So basically we need a way to retrieve the transformation at t – dt while rendering at t. Using an animation, this shouldn’t be too difficult: you just have to query your system for t – dt. If your animation is ad hoc, like with some real-time interaction, then you may store the previous transformations. Anyway, as long as you have both the previous object transformation position and the previous camera position transformation, you have it all.

In a minimalistic vertex shader, one would have something like the following:

void main() {
  gl_Position = gl_ProjectionModelViewMatrix * gl_Vertex; // equivalent to ftransform(), which is a deprecated function
}

For each object we will feed the shading pipeline with an additional information: the transformation matrix of t – dt. I considered that the projection matrix was unlikely to change fast enough to have any consequence on motion blur, so I decided not to store it, and to use the current one for both the old and the current position. It is up to you to choose your policy, but you have to be consistent when computing the speed in the end. Anyway, this leads to the following new vertex shader:

uniform mat4 oldTransformation;
varying vec2 speed;

vec2 getSpeed() {
  vec4 oldScreenCoord = gl_ProjectionMatrix * oldTransformation * gl_Vertex;
  vec4 newScreenCoord = gl_ProjectionMatrix * gl_ModelViewMatrix * gl_Vertex;
  vec2 v = newScreenCoord.xy / newScreenCoord.w - oldScreenCoord.xy / oldScreenCoord.w;
  return v;
}

void main() {
  gl_Position = gl_ProjectionModelViewMatrix * gl_Vertex; // No change here speed = getSpeed();
}

You may notice that the current position is computed twice (gl_Position and newScreenCoord). I let it this way to make the code easier to read, since it seems the shader compiler will optimize this anyway. Also, you have to be careful about the homogeneous coordinates operation.

From now on let’s retrieve the interpolated speed in the fragment shader and finally store it in the velocity map. A typical fragment shader would look like this:

void main() {
  gl_FragColor = /* whatever */
}

We are simply modifying it the following way:

varying vec2 speed;
vec3 getSpeedColor() {
  return vec3(0.5 + 0.5 * speed, 0.);
}

void main() {
  gl_FragData[0] = /* whatever the fragment color was */
  gl_FragData[1] = getSpeedColor();
}

This is it. At this point we have a velocity map where color represents the motion of each point in screen space. So far so good.

Update: Actually, so far, not so good. The above code contains a bug that I didn’t notice at the time because we rarely met the conditions to make it visible. But since then it has been bugging me as we have been working on a scene that exhibits it pretty badly.

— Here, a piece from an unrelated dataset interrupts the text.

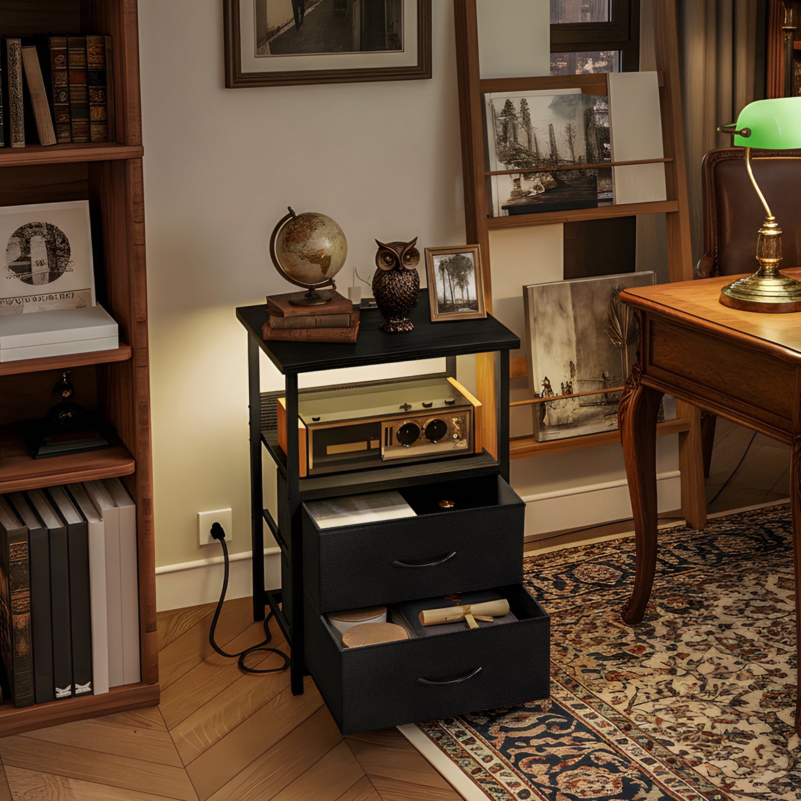 Fairy Night Stands Set of 2 with Charging Station, Bed Side Table, LED Nightstand with 2 Fabric Drawers, Black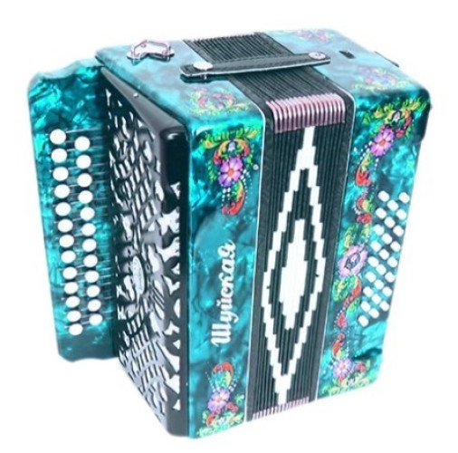Трехголосая гармонь без регистра, звукоряд основан на неполной хроматической гамме.

When polygons get clipped, it may lead to broken speed values, resulting in annoying strong blur artifacts. The reason behind this is the non linear operation consisting in dividing by the w component in the vertex shader, that brings wrong values after clipping.

To solve this, I suggest not dividing in the vertex shader and pass the w component to the fragment shader in order to divide only at that time.

Using the velocity map and applying the blur

Once the color buffer and velocity map are filled, the post processing pass will use both to generate the motion blurred image. This is done very simply: while in a very minimal blitting shader you would have something like the following,

uniform sampler2D colorBuffer;

void main() {
  gl_FragColor = texture2D(colorBuffer, gl_TexCoord[0].xy);
}

here it becomes

uniform sampler2D colorBuffer;
uniform sampler2D velocityMap;

vec4 motionBlur(sampler2D color, sampler2D motion, vec2 uv, float intensity) {
  vec2 speed = 2. * texture2D(motion, uv).rg - 1.;
  vec2 offset = intensity * speed;
  vec3 c = vec3(0.);

  float inc = 0.1;
  float weight = 0.;
  for (float i = 0.; i <= 1.; i += inc) {
    c += texture2D(color, uv + i * offset).rgb;
    weight += 1.;
  }
  c /= weight;
  return vec4(c, 1.);
}

void main() {
  gl_FragColor = motionBlur(colorBuffer, velocityMap, gl_TexCoord[0].xy, 0.5);
}

In this example, the inc value will define a 10 fetches motion blur. It proved to be sufficient in our case, and even as little as 8 fetches could be enough for moderated blur. With 20 fetches it becomes really hard to notice artifacts, but it is also slower of course.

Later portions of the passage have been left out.